Psychologists have traditionally made striving toward happiness the centerpiece of their theories of human behavior because they have found that if they don’t, their theories don’t work so well. As Sigmund Freud wrote:
The question of the purpose of human life has been raised countless times; it has never yet received a satisfactory answer and perhaps does not admit of one. . . . We will therefore turn to the less ambitious question of what men show by their behavior to be the purpose and intention of their lives. What do they demand of life and wish to achieve in it? The answer to this can hardly be in doubt. They strive after happiness; they want to become happy and to remain so. This endeavor has two sides, a positive and a negative aim. It aims, on the one hand, at an absence of pain and displeasure, and, on the other, at the experiencing of strong feelings of pleasure.11
Freud was an articulate champion of this idea but not its originator, and the same observation appears in some form or another in the psychological theories of Plato, Aristotle, Hobbes, Mill, Bentham, and others. The philosopher and mathematician Blaise Pascal was especially clear on this point:
All men seek happiness. This is without exception. Whatever different means they employ, they all tend to this end. The cause of some going to war, and of others avoiding it, is the same desire in both, attended with different views. The will never takes the least step but to this object. This is the motive of every action of every man, even of those who hang themselves.12
Feeling Happy Because
If every thinker in every century has recognized that people seek emotional happiness, then how has so much confusion arisen over the meaning of the word? One of the problems is that many people consider the desire for happiness to be a bit like the desire for a bowel movement: something we all have, but not something of which we should be especially proud. The kind of happiness they have in mind is cheap and base—a vacuous state of “bovine contentment”13 that cannot possibly be the basis of a meaningful human life. As the philosopher John Stuart Mill wrote, “It
is better to be a human being dissatisfied than a pig satisfied; better to be Socrates dissatisfied than a fool satisfied.

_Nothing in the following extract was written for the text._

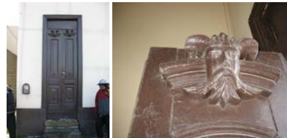
Puerta de acceso(secundaria) – detalle superior en puerta – madera. Idem principal.

Conclusión: Debiera tomarse por parte de la CNMMLH una rápida y firme decisión para liberar el destino de la misma, no solo como bien cultural sino como anexo del Museo del Fin del Mundo, dada la imperiosa necesidad de contar con espacios de exposición y culturales en la ciudad de Ushuaia.

And if the fool, or the pig, are a different opinion, it is because they only know their own side of the question.”14
The philosopher Robert Nozick tried to illustrate the ubiquity of this belief by describing a fictitious virtual-reality machine that would allow anyone to have any experience they chose, and that would conveniently cause them to forget that they were hooked up to the machine.15 He concluded that no one would willingly choose to get hooked up for the rest of his life because the happiness he would experience with such a machine would not be happiness at all. “Someone whose emotion is based upon egregiously unjustified and false evaluations we will be reluctant to term happy, however he feels.”16 In short, emotional happiness is fine for pigs, but it is a goal unworthy of creatures as sophisticated and capable as we.